I talked and wrote a lot while I was at U of T about our Law School’s tuition. In retrospect, I’m not so proud of this. Why? Because all I did was write and talk, and that wasn’t enough.
In this article, I’m not going to throw any more statistics at you about how tuition and faculty salaries have increased over the years, while financial aid and the diversity in the student body have not. Ask your SLS representatives for the quantitative information on this. Ask your peers or those who have recently graduated about their debts. These stories shouldn’t be dismissed as anecdotal evidence; they’re about our lives.
To see the effects of high tuition, look around the Rowell Room, and then go to Hart House or Osgoode Hall and look around. The mere visual difference between our student bodies is appalling and unjustifiable. Meanwhile our law school claims to be of an “international” calibre, and it’s located in Canada’s most diverse city.
Last year, Ultra Vires ran a contest to find the most White Anglo Saxon Protestant (WASP) student at our school. Through institutionally self-deprecating jokes like this, we acknowledge the elephant in the room, and who’s been left out. The fact that many of us only feel comfortable addressing the issue through humour demonstrates that it is an issue that deserves to be openly discussed. We feel uncomfortable about the situation because we know that it’s wrong; therefore, we should talk about changing it.
High tuition presents barriers to different groups of people which aren’t perceived as mere lines on a balance sheet; as a friend of mine put it: if no one in your family has made more than $25,000 in a year, then spending that much to get only a year’s instruction at law school is almost inconceivable.
Barriers to getting into law school are also barriers to entering the legal profession. On the first day of law school you were told that your classmates will be leaders in law, politics and business; we will interpret the law, create it, and will make the business transactions that drive the economy. By making law school financially inaccessible, we are making access to this kind of power inaccessible, and this inaccessibility will exacerbate the exclusions faced by historically disadvantaged groups of people.
In addition to front end-inaccessibility, high tuition also results in back-end inaccessibility to entering certain fields of the profession. In first year, a friend of mine talked about the financial pressure she already felt to accept a few years in “slavery on Baystreet” so that she would be able to pay off her debt. She works there now at what is considered to be a reputable firm. Her story is so far from unique at U of T it sounds like a cliché. Unfortunately, this sort of pressure which steers people into certain fields of the profession doesn’t only have an individual effect, it also has social effects. As put by Noam Chomsky on March 19, 2012, when asked for his thought on the Quebec student movement:
High tuition is not an economic necessity, as is easy to show, but a debt trap is a good technique of indoctrination and control. And resisting this makes good sense.
U of T prides itself in leading the country’s common law schools on several fronts. However, little is said about how it is also the leader in a trend across the country of increasing the gap between tuition and financial aid.

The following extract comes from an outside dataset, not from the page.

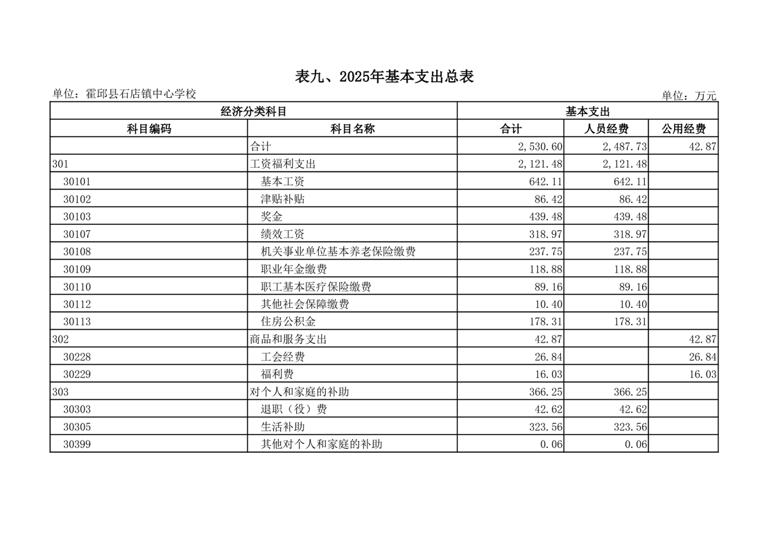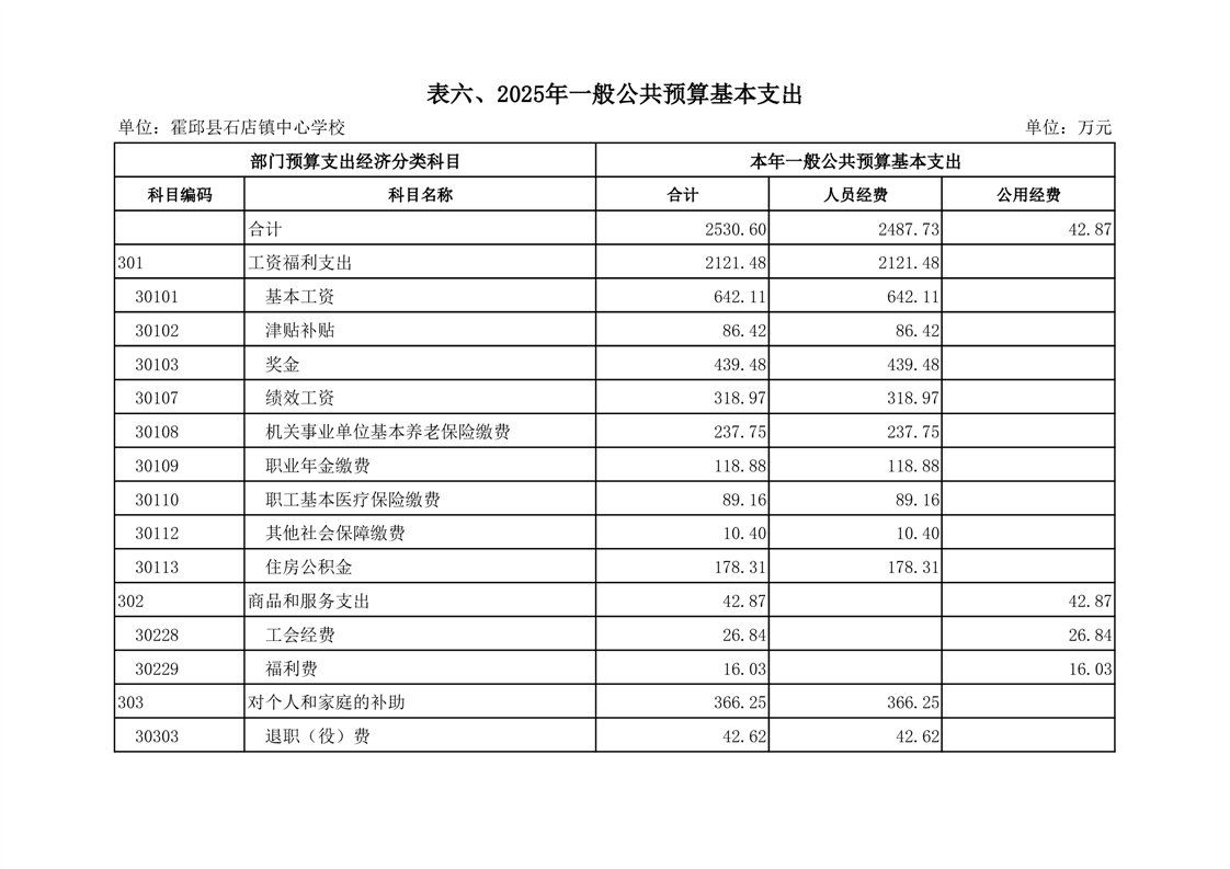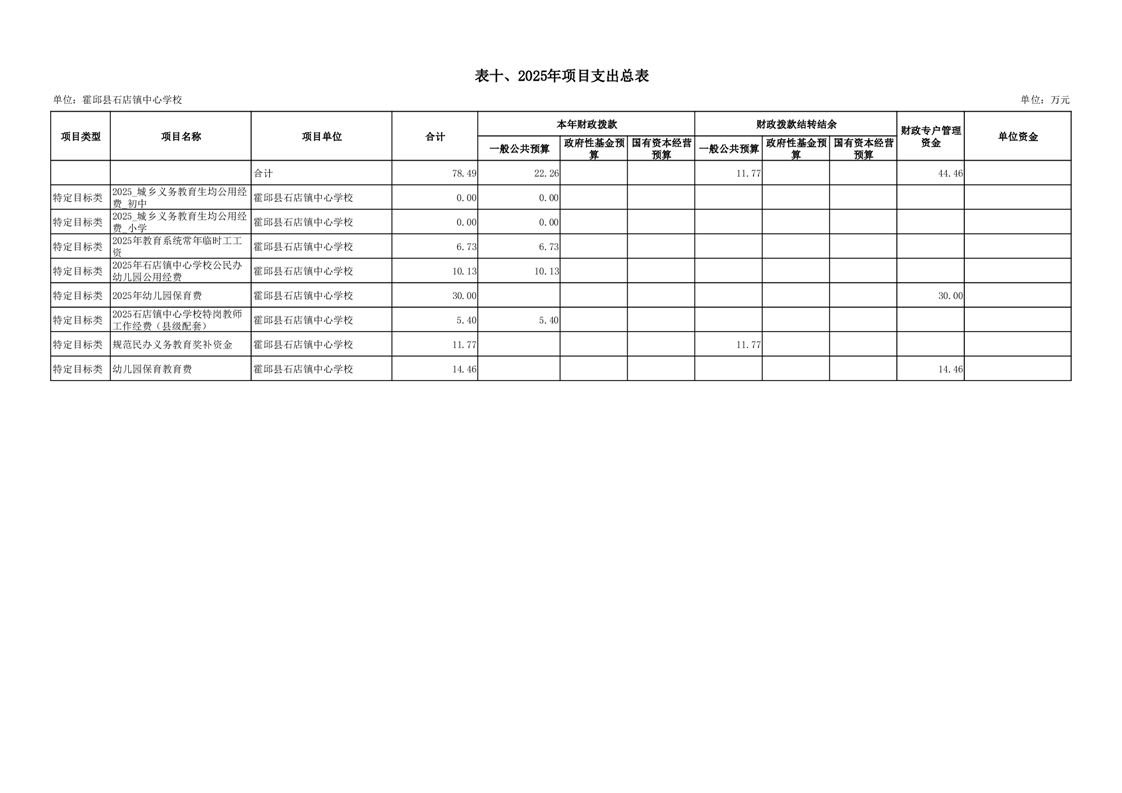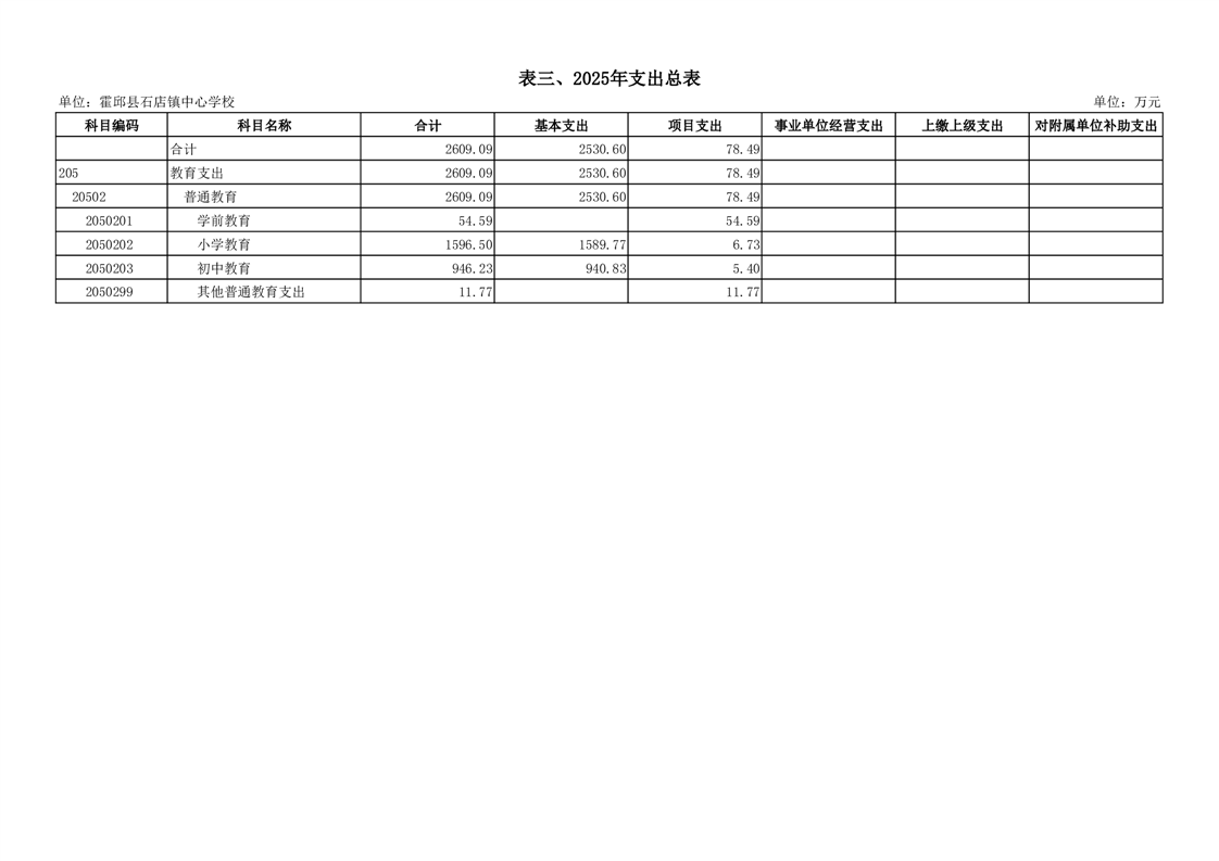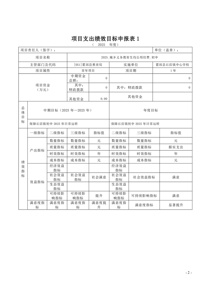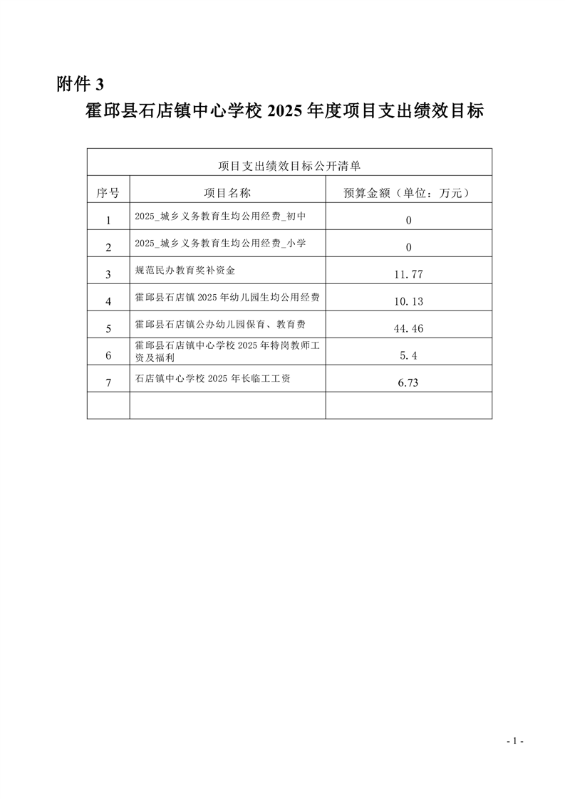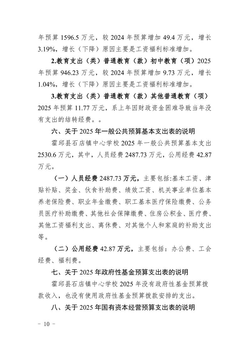 霍邱县石店镇中心学校 2025 年单位预算公开

U of T will hold a greater share of responsibility for the exclusions to the legal profession that arise from this trend it is leading.
If all you’re ever willing to do is write on a subject, you’ll never do anything. This is a tough pill for people in the legal profession to swallow, but it’s true. I don’t think we appreciate it as we can rely on our clients to do things and put themselves on the line for us. It’s people like Rodriquez, Roncarelli, or those working at InSite in Vancouver’s Downtown East-Side who push the law. We advocate for them, but the risk is theirs.

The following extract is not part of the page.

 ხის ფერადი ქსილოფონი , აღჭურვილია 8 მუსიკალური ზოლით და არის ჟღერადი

Matters of the legal profession are different. There are no clients who will champion our cause. We are a self-regulating profession. Therefore, lawyers of the current generation hold significant power over who will make up the next generation. Likewise, only the current generation of law students at U of T can act to ensure accessibility for the next.
When I was an SLS representative, I thought we could convince the UTSU to fight this battle for us. I also thought we could convince the Dean through patient discussion and reasoned analysis that she should stop increasing the gap between tuition and financial aid. I was naïve. Meanwhile, the SLS kept our fight internal. This was ineffective. In order to move the Dean and Faculty Council, we have to engage with this issue strongly, loudly and publicly. The Dean and Faculty Council will respond when the students of U of T publicly call the buck on the school’s increasing inaccessibility
Here are two things you can do now with or without the assistance of the SLS:
- Start a public petition to be signed by current law students, alumni, and members of the community protesting financial inaccessibility at U of T;
- Engage in a one day strike action. Grading is done on a curve. If no one goes to class, then no one falls behind the pack when it comes to being prepared for final examinations. If you’re concerned about missing a class you paid hundreds of dollars for, you should be even more concerned about the fact that in a few years it may cost hundreds more. If you’re worried that some students will get the upper hand on you by attending class, I urge you to think about the more important things at stake.
Doing either would: educate, draw attention, apply pressure, and would be fun.
Students in Quebec helped topple a government over the issue of tuition. If you’re more than $10,000 in debt right now for following a dream about justice, you should be furious. In being here, you’ve already proven that you’re brilliant, and that you have the potential to lead this profession. Be a leader now. My only regret from U of T is that I wasn’t when I should have been one. Now, go grab some casseroles dishes and do something about this.